What you return must be the lines from the first one below through the one containing "くすみのライトブルーの地に友", exactly and with pictures excluded.

[Dataset items]
- - -

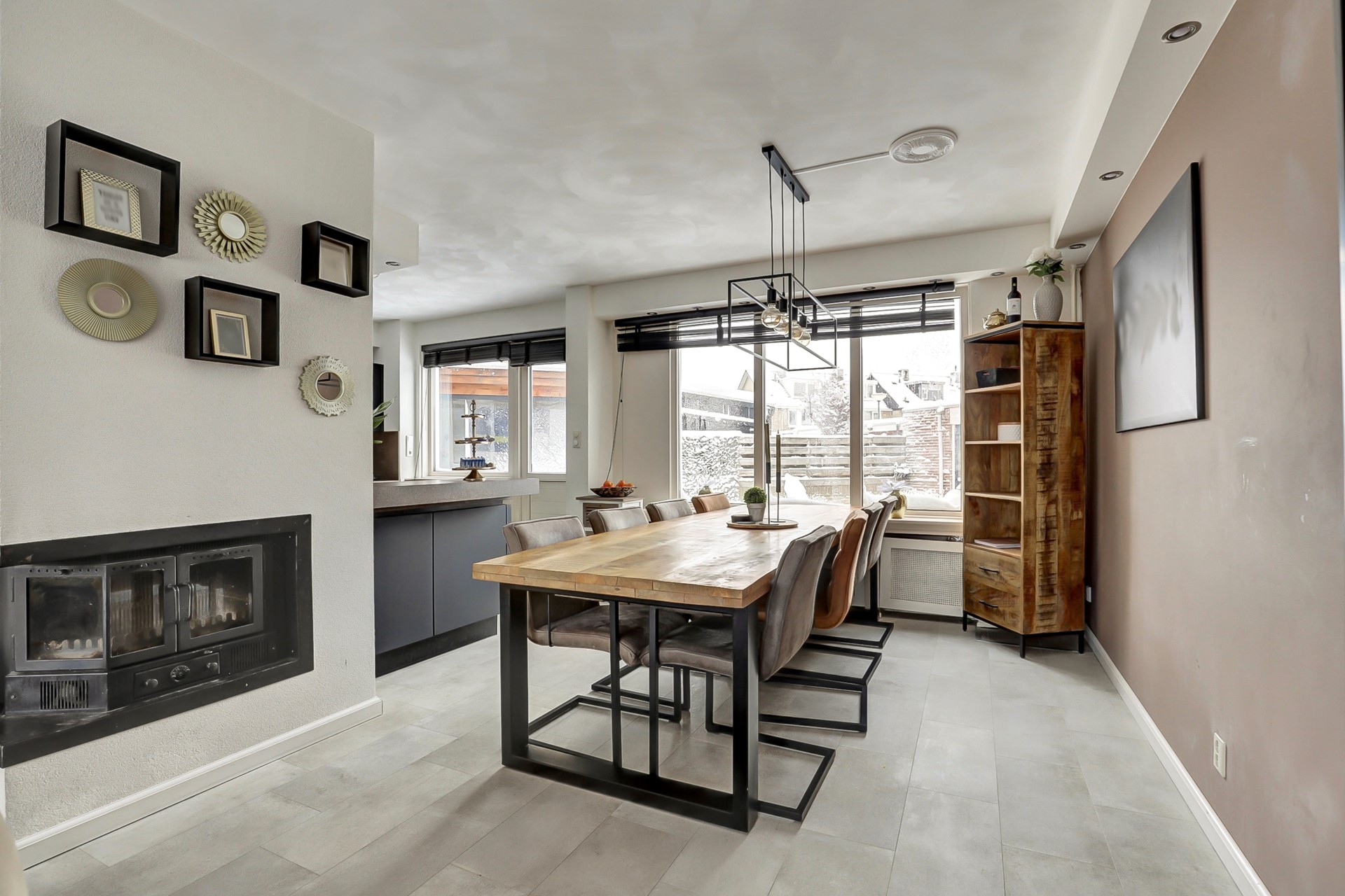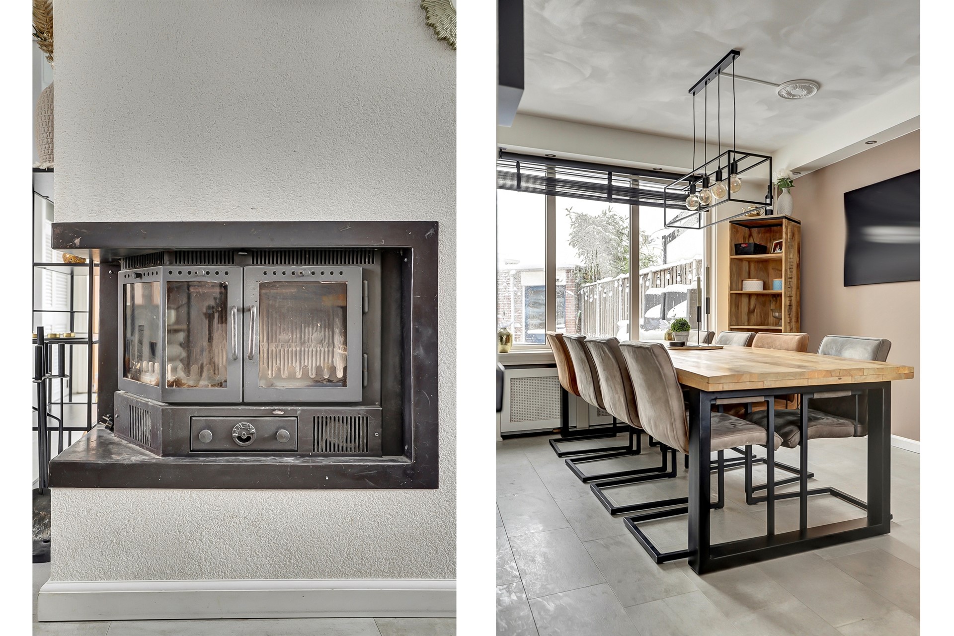 De sfeervolle houtkachel vormt een warm en gezellig middelpunt en draagt bij aan een aangename ambiance, ideaal voor lange avonden thuis. Via de woonkamer is er directe toegang tot de tuin. De overkapping maakt het mogelijk om het hele jaar door comfortabel van het buitenleven te genieten, beschut tegen regen en felle zon.
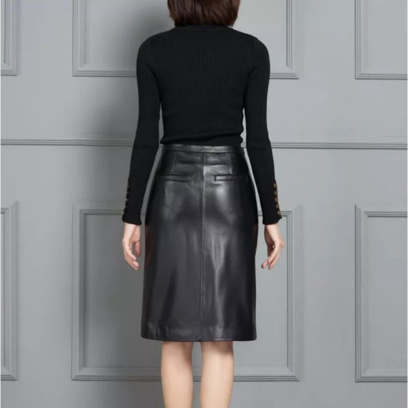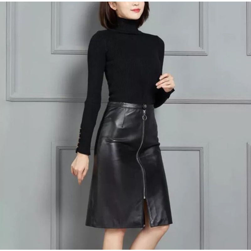 Rok Kulit Sintetis Leather Skirt PU Rok Midi Wanita Selutut Split Depan Full Resleting Model Rok Kerja Rok Wanita Kantoran
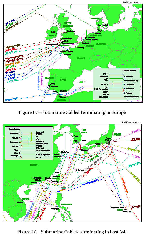 Given the above, however, it is clear that more attention should be paid to the potential for deliberate attacks on the global fiber optic cable network (see figures I.7 and I.8 for a look at some of the cables terminating in Asia and Europe). Currently, for instance, shore authorities have positioned radars and occasionally scheduled flyovers for areas in New Jersey that might be targeted (Chave, 2000).
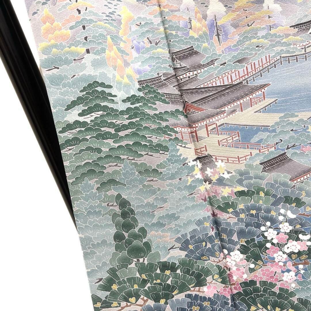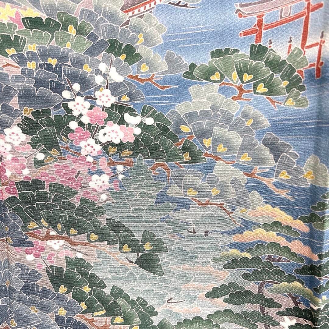 くすみのライトブルーの地に友禅染で細やかに描かれた厳島神社の風景模様が目を惹く華やかなデザインの一着です。
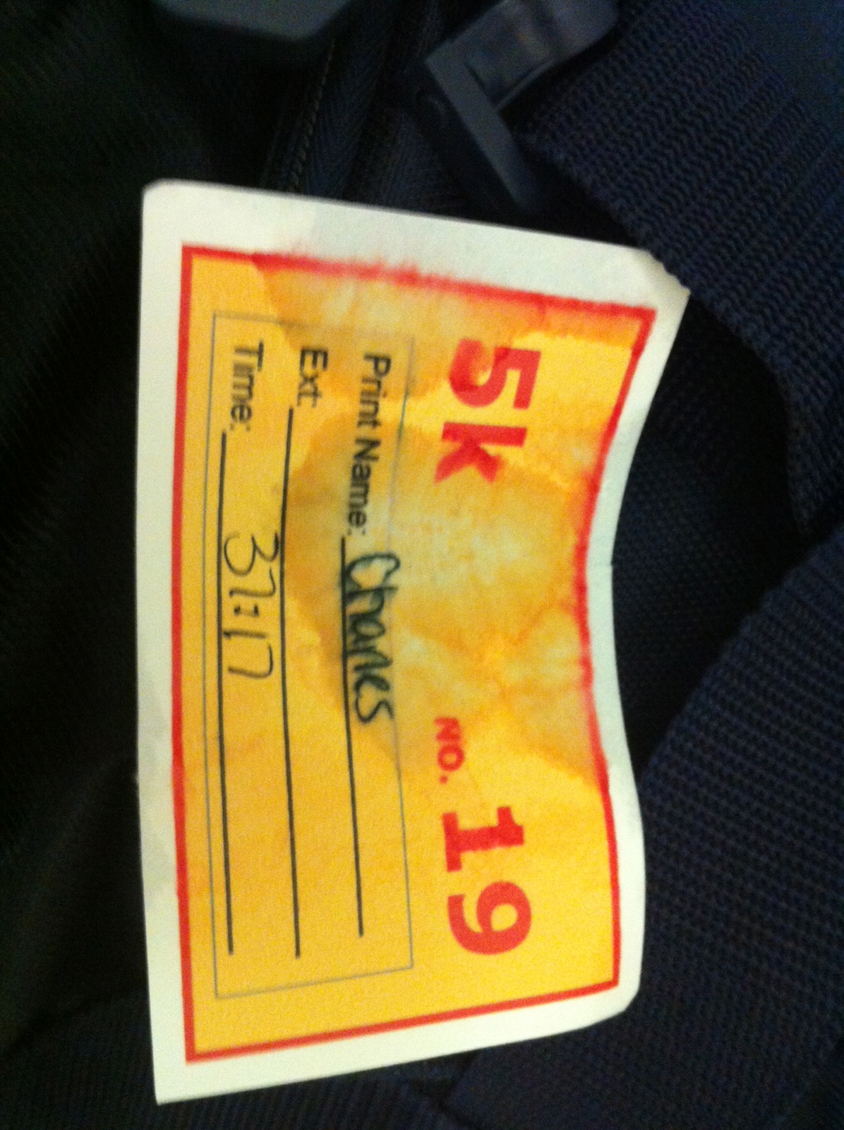 Charles headed off to work today with a 5k on the agenda.  I was so excited to receive this photo by text just before lunch:
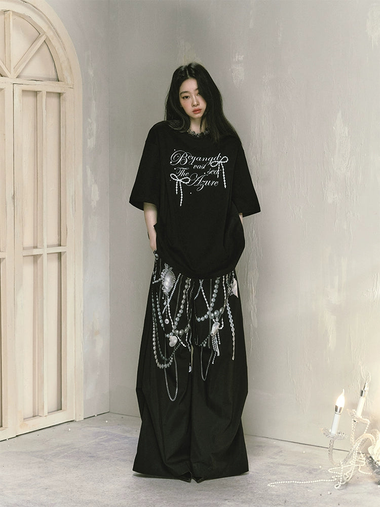 Graffiti Print Thin Wide Leg Pants NA5624

- - -

WRITTEN SOLUTION -
 De sfeervolle houtkachel vormt een warm en gezellig middelpunt en draagt bij aan een aangename ambiance, ideaal voor lange avonden thuis. Via de woonkamer is er directe toegang tot de tuin. De overkapping maakt het mogelijk om het hele jaar door comfortabel van het buitenleven te genieten, beschut tegen regen en felle zon.
 Rok Kulit Sintetis Leather Skirt PU Rok Midi Wanita Selutut Split Depan Full Resleting Model Rok Kerja Rok Wanita Kantoran
 Given the above, however, it is clear that more attention should be paid to the potential for deliberate attacks on the global fiber optic cable network (see figures I.7 and I.8 for a look at some of the cables terminating in Asia and Europe). Currently, for instance, shore authorities have positioned radars and occasionally scheduled flyovers for areas in New Jersey that might be targeted (Chave, 2000).
 くすみのライトブルーの地に友禅染で細やかに描かれた厳島神社の風景模様が目を惹く華やかなデザインの一着です。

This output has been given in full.